The prophets are a different matter, and at least some of their writings could have been written with great urgency. But I have to say that, if there is great and immediate exigency, you are less likely to write something that is extremely long, which fairly describes the major prophets. And I’ll add that Jonah among the minor prophets gives really a historical, past-tense account, and Daniel among the major prophets is half historical. Nonetheless, it is easy to see urgency in the writing and circumstances of the minor prophets. If they thought God’s wrath against their people was imminent and yet might still be averted — well, it’s hard to imagine anything more urgent than that. The prophets’ work might also angered other Jews and put them at some risk, which seems less likely for the other Old Testament books.
In the New Testament, the book that seems, at least in retrospect, to have been least time-sensitive is Revelation. And John was there on the deserted island of Patmos, exiled, which makes it seem even more reflective rather than reflexive. Luke and Acts were carefully researched and written for Theophilus to provide him some history; on the other hand, the message of any of the Gospels necessarily has built into it some urgency. It was news, after all — “good news”! Some of what was written in the Gospels may have been memorializing what was already being spread, excitedly, by word of mouth. And the threat of persecution was there in the background, for readers and writers of the Gospels alike.
But it’s the New Testament letters that prompted this post, and particularly those written by the peripatetic St.
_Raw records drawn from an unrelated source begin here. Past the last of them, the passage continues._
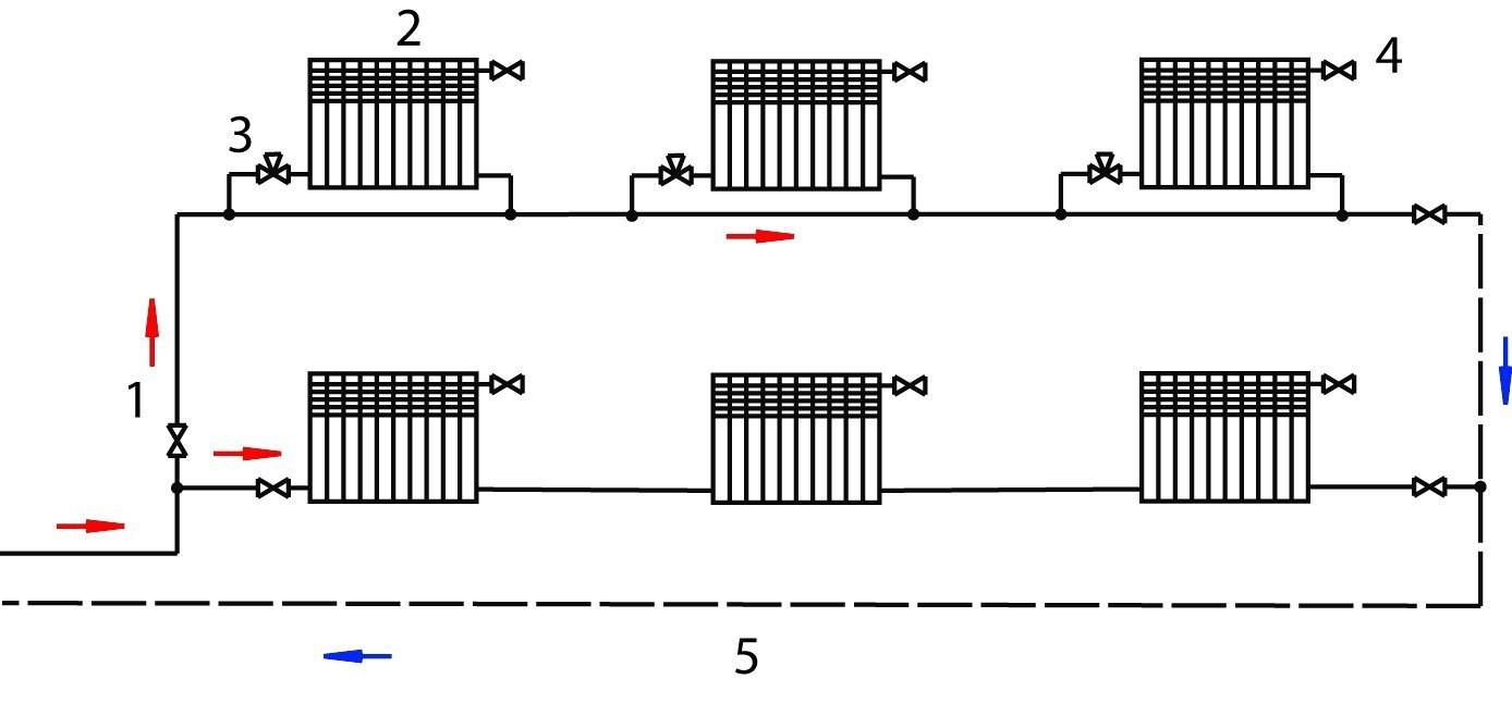 Также двухтрубная система отопления классифицируется по направлению движения теплоносителя, согласно которому она бывает прямоточной либо тупиковой. В тупиковых системах жидкость по трубам обратки и подачи циркулирует в разных направлениях, в прямоточных их движение совпадает.
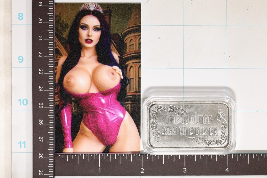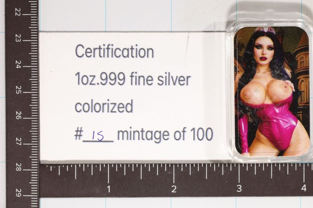 WITH COLORIZED WOMAN ON OBVERSE WITH CHEST STICKING OUT. INCLUDES COLORIZED CERTIFICATE CARD #15 OF 100 IN HARD PLASTIC CAPSULE. INGOT IS BRAND NEW
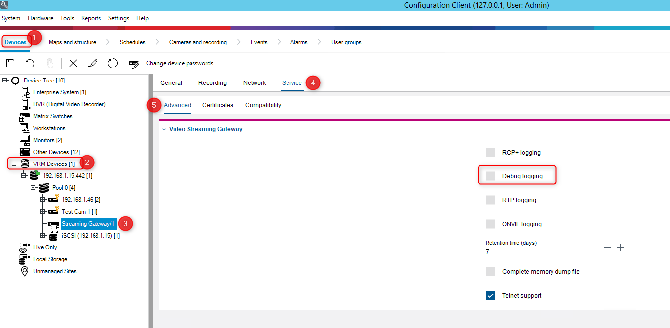 - Go to "Service" tab > "Advanced" tab > here is the option you are looking for: Debug Logging
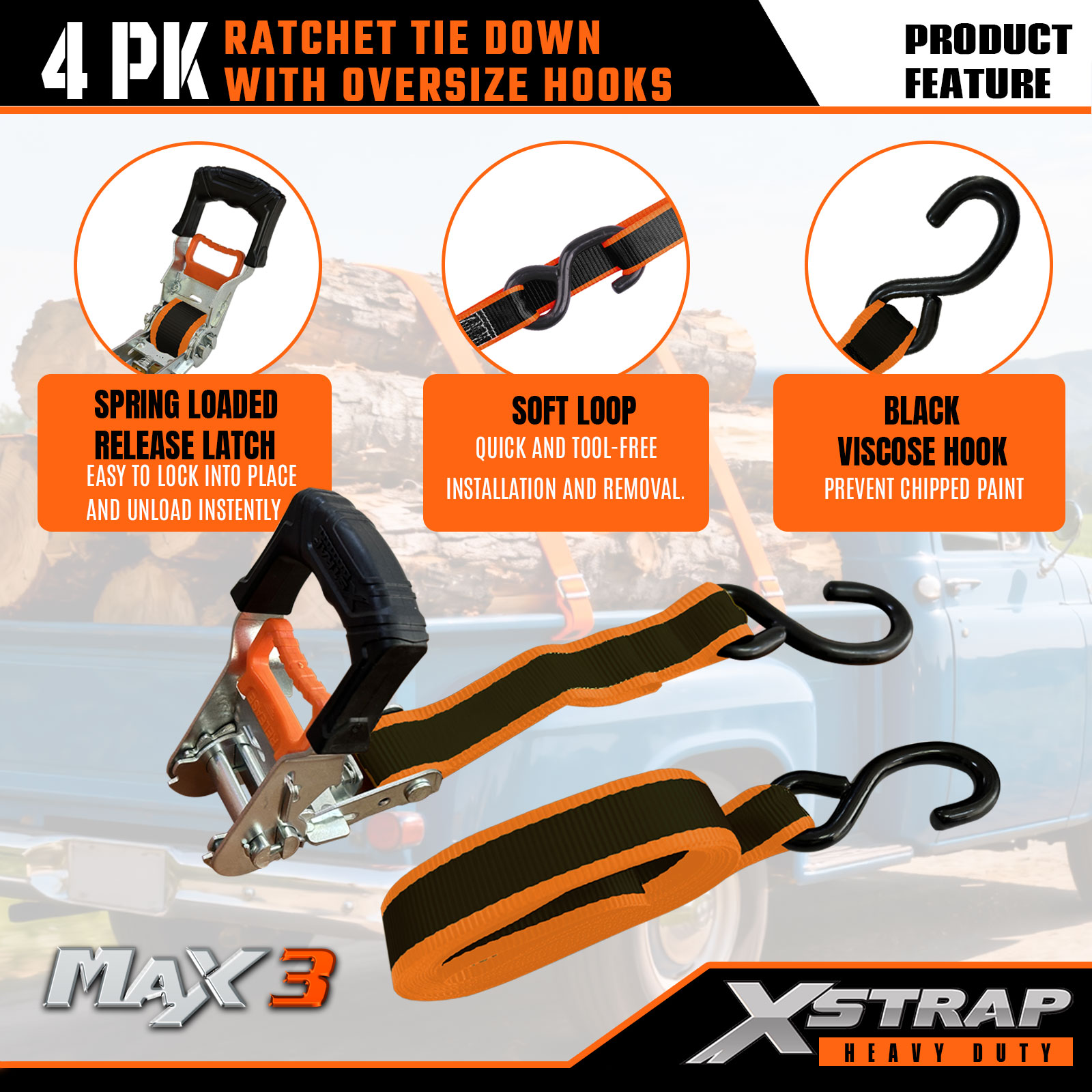 - Übergroße Schutzbeschläge: Ausgestattet mit großen, schwarz viskos beschichteten S-Haken, die Lacksplitter und Kratzer an Fahrzeugen/Ladung verhindern; gepaart mit einer weichen Schlaufenbefestigung für die werkzeuglose und beschädigungsfreie Sicherung empfindlicher Gegenstände.
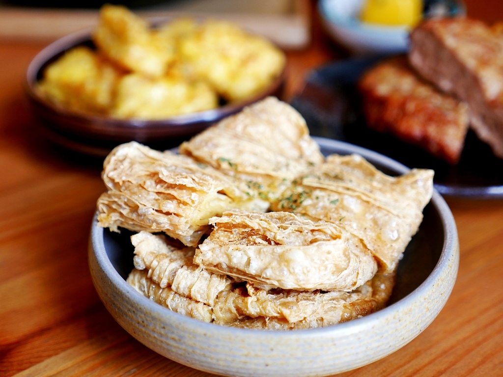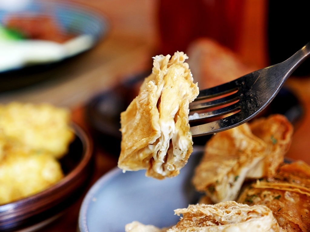 表面炸到金黃色的豆包剛上桌非常酥脆,但放涼之後麵衣吸到空氣中的水份,酥脆度會大大下降,記得趁上桌快速掃光這一盤。
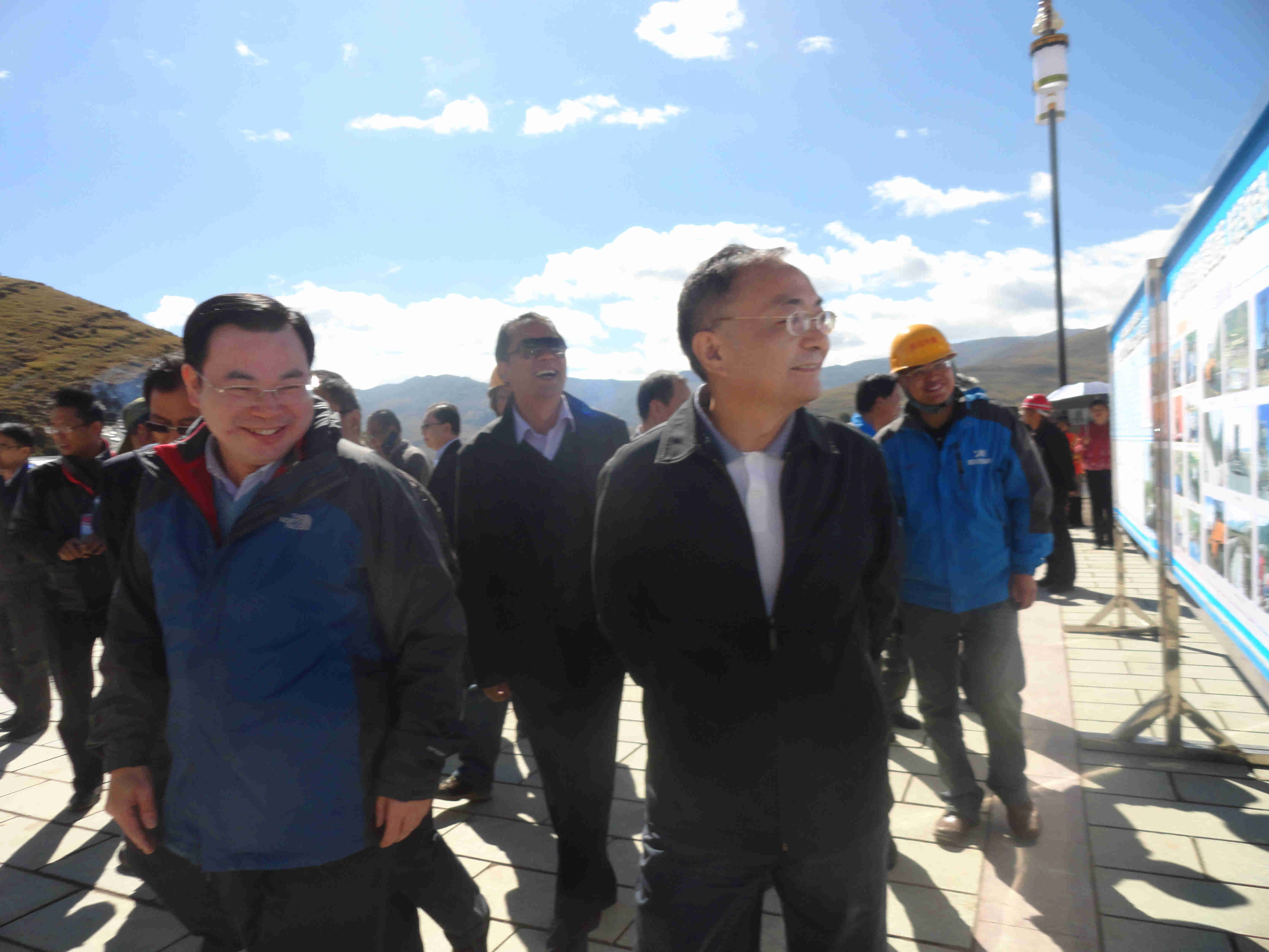 9月16日上午在稻城亚丁机场举行的隆重通航仪式后,四川省委常委、省委农工委主任李昌平在省人大常委会副主任刘道平,甘孜州委书记胡昌升、州长益西达瓦等的陪同下检查了S216/217理亚路改建项目建设情况。

Paul. He is the guy who brings to mind Alexander Hamilton, both of them writing on the run — perhaps Paul did some of his composition on sailing craft (see endnote to this post), just as Hamilton did in the Chernow passage I began this post with — and both writing to address immediate and specific challenges, and yet both also producing work for the ages.
P.S. I don’t think that any of this is inconsistent with all the various books being inspired by the Holy Spirit, with all of them being Scripture. In particular, I think that one can recognize the special challenges that Paul faced in what he wrote and can admire him for those, without suggesting that his work was less or more inspired by the Holy Spirit than other books in the Bible. See Malcolm Muggeridge on this point, here.
Endnote: There’s a wonderful 1994 film adaptation, word for word, of the Book of Acts; the organizing structure in it is that Dr. Luke — played by Dean Jones, by the way, a serious Christian — is dictating the events to a scribe, including, at one point, while on a harrowing boat ride.